# Camille



## KenOC (Mar 7, 2011)

Still an hour (on the Left Coast anyway) to remember that Saint-Saens passed away today, on Beethoven's birthday in 1921. Play something by him and remember!


----------



## ComposerOfAvantGarde (Dec 2, 2011)

No,










No. I don't think I wish remember him this year.


----------



## KenOC (Mar 7, 2011)

My thoughts.

http://www.talkclassical.com/27991-ode-camille.html


----------



## clavichorder (May 2, 2011)

Do you mean that seriously COAG? Do you really dislike Saint Saens that much? I think he was a great composer, especially in Piano Concerto's 2 and 4, and Violin Concerto 3.


----------



## ComposerOfAvantGarde (Dec 2, 2011)

clavichorder said:


> Do you mean that seriously COAG? Do you really dislike Saint Saens that much? I think he was a great composer, especially in Piano Concerto's 2 and 4, and Violin Concerto 3.


Not _entirely_ serious over here, but I am not a big fan of his music either apart from maybe the 3rd symphony.


----------



## Woodduck (Mar 17, 2014)

I thought this thread was going to be about Garbo.


----------



## GioCar (Oct 30, 2013)

A great film, a great Greta, a great Cukor


----------



## Woodduck (Mar 17, 2014)

GioCar said:


> A great film, a great Greta, a great Cukor


Thanks,GioCar! I needed that!


----------



## Richannes Wrahms (Jan 6, 2014)

Camille, your writing and orchestration is very clean and even superb at (counted) times but I often find your sequences and repetitions to be as disappointingly boring as I know some find Tchakovsky's and Bruckner's intolerable. A lot of your considerable oeuvre sounds worn-out. However, you are still better than Frank.

I'll give him the advantage of this time of the year.


----------



## Badinerie (May 3, 2008)

The first full Opera I ever bought was Samson and Delilah. I will play a bit of it shortly, The Bacchanal perhaps. Love Saint-Saens almost as much as I love Ravel. Lol!


----------



## Marschallin Blair (Jan 23, 2014)

Woodduck said:


> I thought this thread was going to be about Garbo.


Just in case anyone wants to know what Woodduck looks like while pensively penning one of his TC responses, look beyond his icon:


----------



## Marschallin Blair (Jan 23, 2014)

Badinerie said:


> The first full Opera I ever bought was Samson and Delilah. I will play a bit of it shortly, The Bacchanal perhaps. Love Saint-Saens almost as much as I love Ravel. Lol!

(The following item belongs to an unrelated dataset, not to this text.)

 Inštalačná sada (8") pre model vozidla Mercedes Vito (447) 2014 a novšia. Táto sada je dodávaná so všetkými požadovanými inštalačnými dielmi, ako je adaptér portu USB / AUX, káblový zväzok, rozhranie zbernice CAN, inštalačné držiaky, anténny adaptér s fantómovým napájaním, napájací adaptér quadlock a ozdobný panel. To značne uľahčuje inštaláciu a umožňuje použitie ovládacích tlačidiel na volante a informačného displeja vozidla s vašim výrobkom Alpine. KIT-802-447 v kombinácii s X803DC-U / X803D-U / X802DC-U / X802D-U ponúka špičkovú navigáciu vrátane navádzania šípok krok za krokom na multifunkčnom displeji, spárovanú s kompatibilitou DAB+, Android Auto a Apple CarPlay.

Yes! . . . 'almost.' Ha. Ha. Ha. Ha. . .

I saw _Samson_ staged a couple years back at San Diego Opera with Denyce Graves as Delilah. After she cut off Samson's hair, she walked toward the front on the stage with this absolutely, fierce, imperious mocking laugh. It was magnificent to behold.

My kind of girl. _;D_


----------



## hpowders (Dec 23, 2013)

Organ Symphony. Boston Symphony/Charles Munch.

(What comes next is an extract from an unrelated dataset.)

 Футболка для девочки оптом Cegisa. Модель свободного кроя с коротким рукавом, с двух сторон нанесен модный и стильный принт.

I have a feeling the neighbors will love it!


----------



## Marschallin Blair (Jan 23, 2014)

ComposerOfAvantGarde said:


> No,
> 
> 
> 
> ...


At least he didn't make the _Ring_ into a Marxian melodrama.


----------



## elgar's ghost (Aug 8, 2010)

Saint-Saens comment about Ravel reminded me that I wish James Blunt had also remained in the army.


----------



## csacks (Dec 5, 2013)

One of my favorites composers ever. His 3rd symphony, the 3rd violin concert, Havanaise, Introduction and Rondo Capriccioso are, IMO, irrefutable expressions of a talented guy. My kids loved Dance Macabre and the Animals Carnival, we use to listen to them in our way going to school. To me, Saint Saens is not only a great musician, but also an important tool for teaching my kids to listen to music. Carmina Burana, Peter and the Wolf and The Trout are in the same list.


----------



## Skilmarilion (Apr 6, 2013)

elgars ghost said:


> Saint-Saens comment about Ravel reminded me that I wish James Blunt had also remained in the army.


Ouch, lol.

I have to say, _1973_ had been a guilty pleasure of mine.

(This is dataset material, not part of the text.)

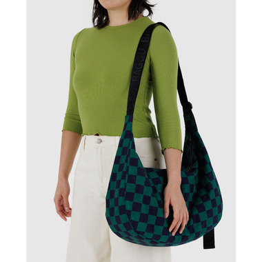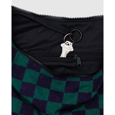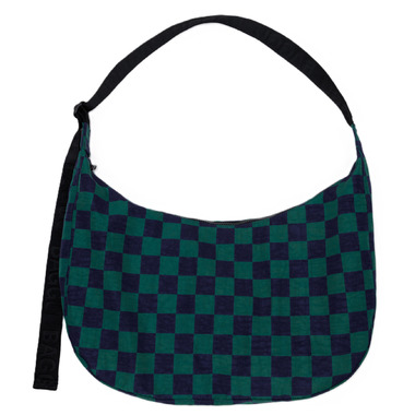 BAGGU Large Nylon Crescent Bag Navy Green Check

Re: Camille, it's unfortunate that he shares that date with Ludwig. I am still somewhat unfamiliar with his ouevre, but feel that he is very much worth remembering in his own right.


----------



## Badinerie (May 3, 2008)

Marschallin Blair said:


> Yes! . . . 'almost.' Ha. Ha. Ha. Ha. . .
> 
> I saw _Samson_ staged a couple years back at San Diego Opera with Denyce Graves as Delilah. After she cut off Samson's hair, she walked toward the front on the stage with this absolutely, fierce, imperious mocking laugh. It was magnificent to behold.
> 
> My kind of girl. _;D_


I'd dearly love to see S&D live...Not much chance where I live.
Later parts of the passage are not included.